▸ WHAT YOU SHOULD DO: Please copy exactly the lines from the first in the records through the line that contains "陶瓷不銹鋼吸飲杯750ml-霧灰", but not the pictures.
══ DATA IN THIS EXERCISE ══
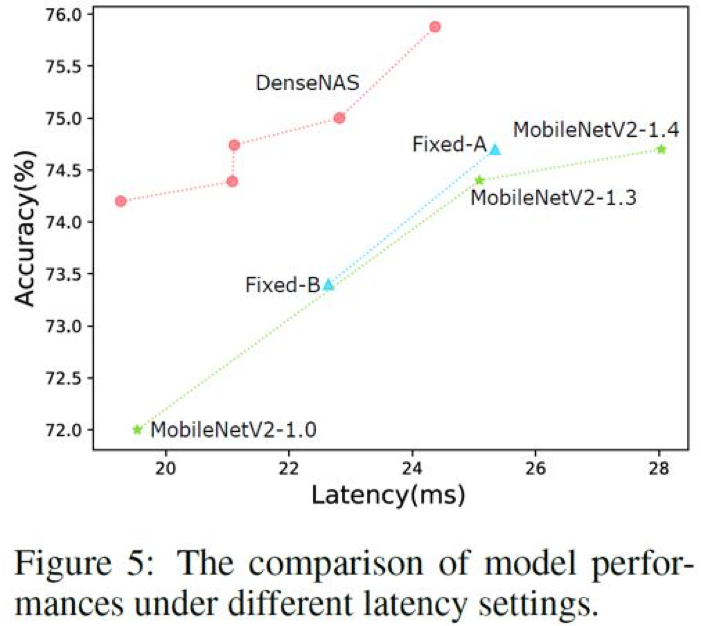 DenseNAS 进一步在不同程度 latency 优化下搜索模型,在各个 latency 设定和需求下,都能得到性能优越的模型结构,均要远好于固定宽度/block 搜索和人工设计的模型。
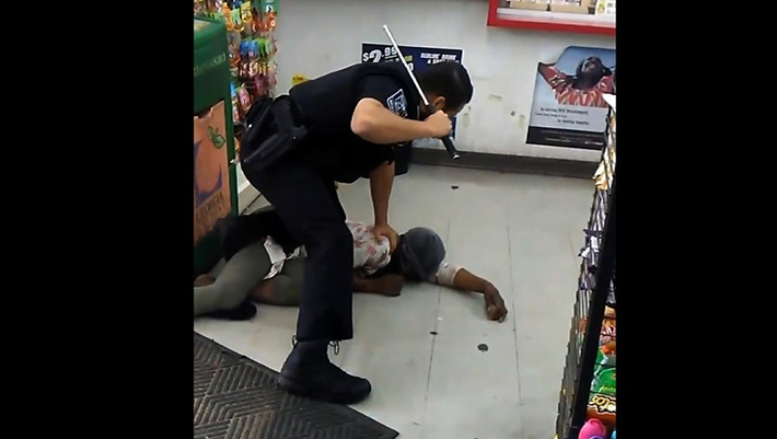 The officer strikes her several more times as the woman squirms on the ground.
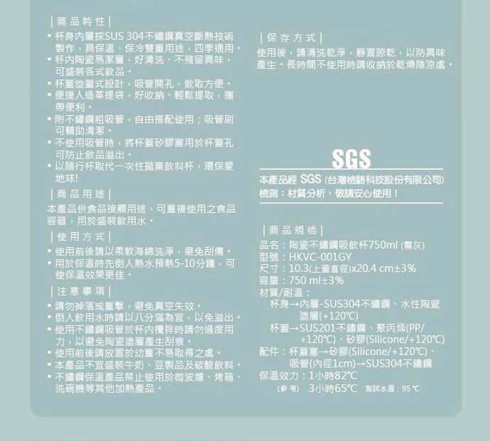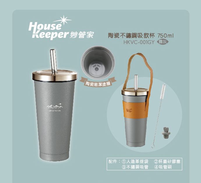 陶瓷不銹鋼吸飲杯750ml-霧灰
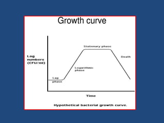 Microbial growth refers to the growth of a microbial population through cell division, not the growth of individual cells. Environmental factors like temperature, pH, nutrients, and oxygen levels influence the growth rate. Bacteria divide through binary fission and the population increases exponentially over time. A bacterial growth curve shows four phases: lag phase, logarithmic growth phase, stationary phase, and death phase. Microbes require water, carbon sources, nitrogen, sulfur, phosphorus, minerals, and optimal pH and temperature to grow. Their oxygen requirements classify them as aerobic, anaerobic, or facultative. Batch, continuous, synchronous, and diauxic growth describe different patterns of microbial population growth over time. Physical and chemical antimicrobial agents
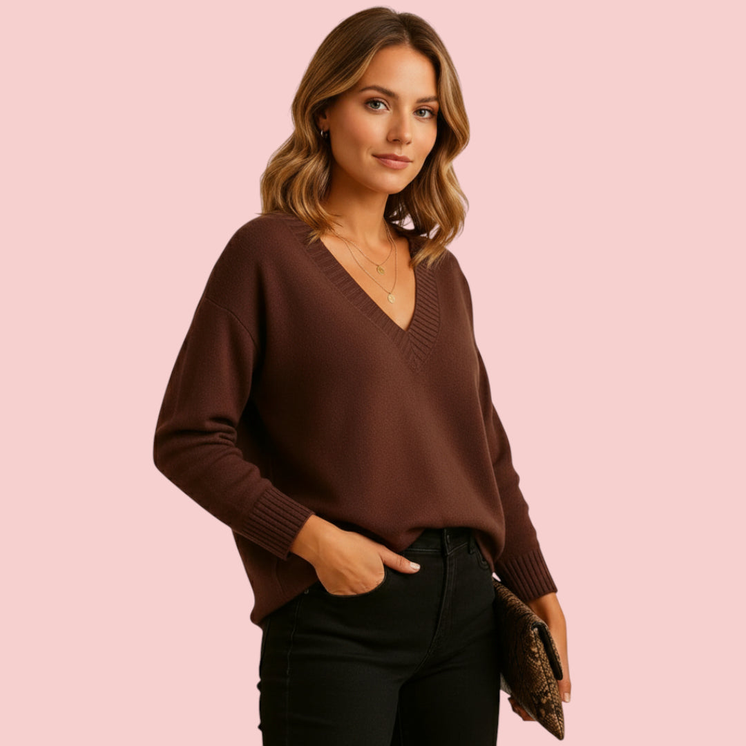 Maeve | Gebreide V-hals Trui met Lange Mouwen en Rechte Pasvorm voor Dames
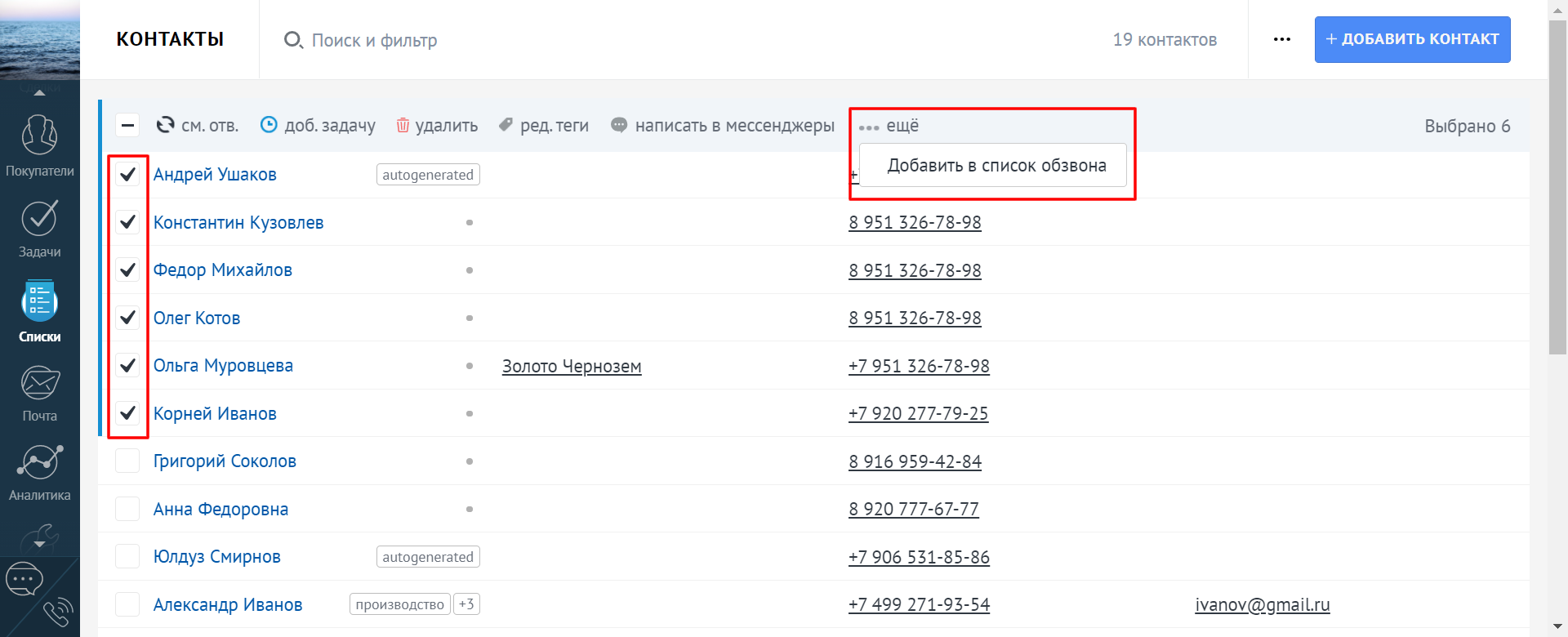 Чтобы создать список обзвона, в списке контактов выберите несколько имен, нажмите «Еще» и «Добавить в список обзвона».
═══
▸ FINAL ANSWER:
 DenseNAS 进一步在不同程度 latency 优化下搜索模型,在各个 latency 设定和需求下,都能得到性能优越的模型结构,均要远好于固定宽度/block 搜索和人工设计的模型。
 The officer strikes her several more times as the woman squirms on the ground.
 陶瓷不銹鋼吸飲杯750ml-霧灰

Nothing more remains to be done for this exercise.